The rest of the book follows Davey’s exploits as he navigates life as one of the living dead. Along the way he meets a former reporter from The New York Times, Benedek, who’s working on a story about the peculiar goings-on at Time’s Square. When the owner of Live Girls, the mysterious Shideh, abducts Davey’s would-be new girlfriend, Casey, Davey is forced to attack the club, save the girl he loves and fight off a horde of angry vampires . . . not to mention even worse creatures that dwell in the basement.

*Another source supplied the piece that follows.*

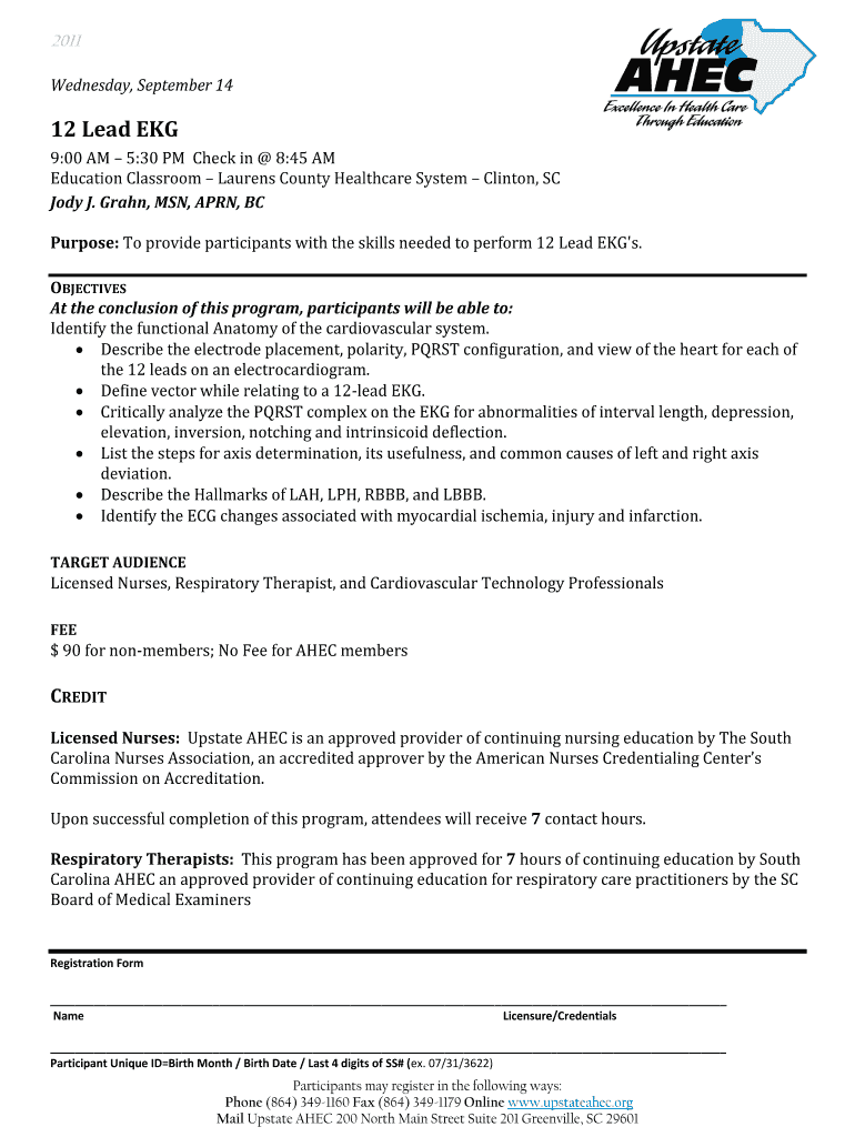 2011 Wednesday, September 14 12 Lead EKG 9:00 AM 5:30 PM Check in 8:45 AM Education Classroom Laurens County Healthcare System Clinton, SC Jody J. Grain, MSN, APRN, BC Purpose: To provide participants
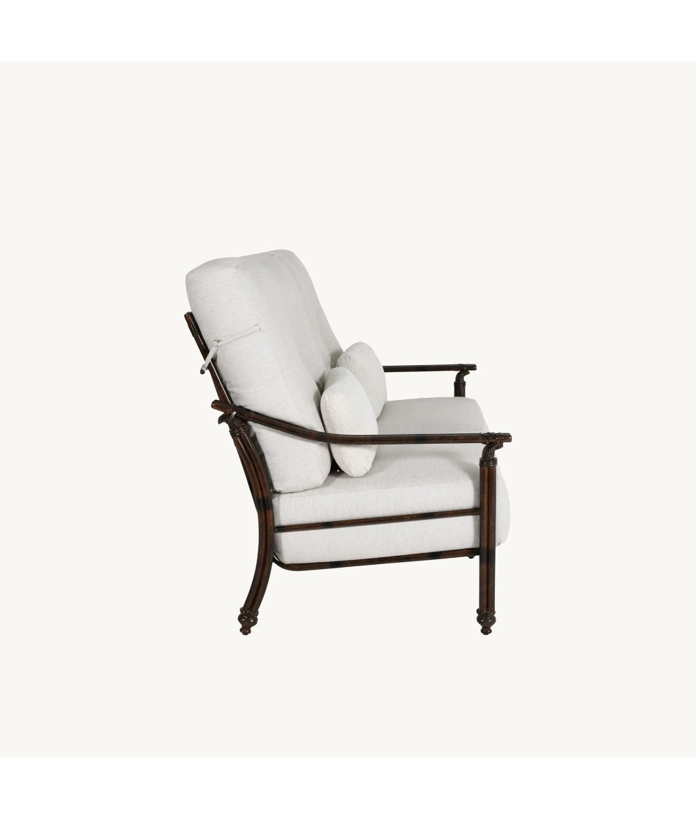 The Coco Cushioned Loveseat offers an intimate seating option that doesn't compromise on style or comfort. With a sculpted aluminum frame and handcrafted details that evoke natural rattan, it brings a soft, coastal feel to patios, porches, or garden spaces. Two plush cushions provide support for relaxed conversations or quiet afternoons outdoors. Built from durable cast and extruded aluminum, it’s designed to withstand the elements with ease. Made to order in your choice of Castelle fabric and finish, the loveseat is a seamless fit for personalized outdoor layouts.

Yes, the book is as cool as it sounds. It reads like a mash up between Fright Night and From Dusk Till Dawn, with a splash of “Murgunstrumm” thrown in for good measure. It maintains a high body count, especially once Davey gets ahold on his new powers and starts exacting revenge against those who’ve wronged him. One clever bit I liked involved what happens to vampires who feast on the blood of junkies. The side effects aren’t pretty, and speak once again to the drug epidemic of the ‘80s.
My only objection with the book dealt with its treatment of Anya. She’s a critical character in the story, because she’s the one who changes Davey’s life and ushers him into the world of the undead. He’s totally enamored with this enchanting siren for the first half of the book, yet Anya suddenly drops out of the story and doesn’t surface again until the climax. It felt like a jarring omission. Shideh and Anya could’ve been the same person, and it wouldn’t have substantially affected the plot. Despite Anya being treated as an afterthought, there’s an implication (never directly stated) that she escaped Live Girls during Davey’s final siege. I know Garton has published a sequel called Night Life, so perhaps he was saving Anya’s story for another book. That’s my hope anyway.
Overall, Live Girls is a treat. I don’t read a lot of vampire fiction because it’s largely derivative, but Garton found a fresh twist on an old tale. Based on my thorough enjoyment of this novel, I’ll certainly pick up Night Life in the future.